High speed networking cards.
High speed video encoders/decoders, maybe?
Professional digital video capture and output.
Professional audio I/O boards.
Massive and super fast storage cards.
... lots of exceptionally niche products with very few users.
Speaking as someone who works in film and television and has used cards like the ones you mentioned over many years…
You typically don’t need video capture cards AND audio I/O boards in the same machine, since ingest/edit is separated from audio mixing. On a television show/movie, your editor is not ALSO your sound mixer. And if you’re working on a solo passionate project, you can do plenty of mixing or editing without those cards. Anyway, point is… You don’t need a capture card AND an audio I/O card for something like ProTools in a professional environment.

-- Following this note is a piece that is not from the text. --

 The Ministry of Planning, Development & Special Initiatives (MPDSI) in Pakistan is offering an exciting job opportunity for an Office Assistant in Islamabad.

For super fast storage, you’ll always do better with a large external RAID (particularly in a shared user environment). And/or working with proxy media. Having super fast storage cards (which still won’t hold all your full-res media because they’re lower capacity than a RAID) isn’t that useful in a professional setting.
The Apple Silicon chips have built-in hardware decoding for video codecs. Remember how the Intel Mac Pro had an Accelerator card? Those are no longer necessary with Apple Silicon. There’s a reason why Apple doesn’t offer the Accelerator card for its Apple Silicon Mac Pro anymore.

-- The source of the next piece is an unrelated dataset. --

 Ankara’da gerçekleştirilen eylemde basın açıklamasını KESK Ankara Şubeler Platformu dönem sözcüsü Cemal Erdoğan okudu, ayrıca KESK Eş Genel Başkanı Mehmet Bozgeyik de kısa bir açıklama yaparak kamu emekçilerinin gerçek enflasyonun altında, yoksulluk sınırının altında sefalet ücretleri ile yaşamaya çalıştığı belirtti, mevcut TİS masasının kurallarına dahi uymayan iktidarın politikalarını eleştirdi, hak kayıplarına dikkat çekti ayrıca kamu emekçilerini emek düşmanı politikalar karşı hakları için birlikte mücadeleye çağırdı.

As for high-speed network cards… or video cards… or audio I/O cards… These can all be put into external Thunderbolt enclosures attached to a Mac Studio.
And the Mac Studio is currently just as powerful as the Mac Pro. And cheaper.
And that’s the fundamental problem.
There’s nothing special about the Mac Pro. Sure, maybe having the convenience of PCIe cards in the machine rather than using a Thunderbolt PCIe enclosure is nice… But you’re not gonna need that many cards in a professional environment. Not anymore.
Maaaaybe if Apple allowed for compatibility with high-end GPU’s that might change things. But I don’t see that happening.
Fundamentally, Apple didn’t know what to do with the Mac Pro. So they stuck a Mac Pro in an oversized enclosure from 2019 and called it a day.
They should do better. Offer more power. And allow for GPU support for extra speed… Which would occupy at least one PCIe slot when I might ALSO need a high speed network card and a capture card. Then, suddenly, I need multiple PCIe slots.
But right now, a Mac Studio with an external Thunderbolt PCIe enclosure is just as capable and far cheaper.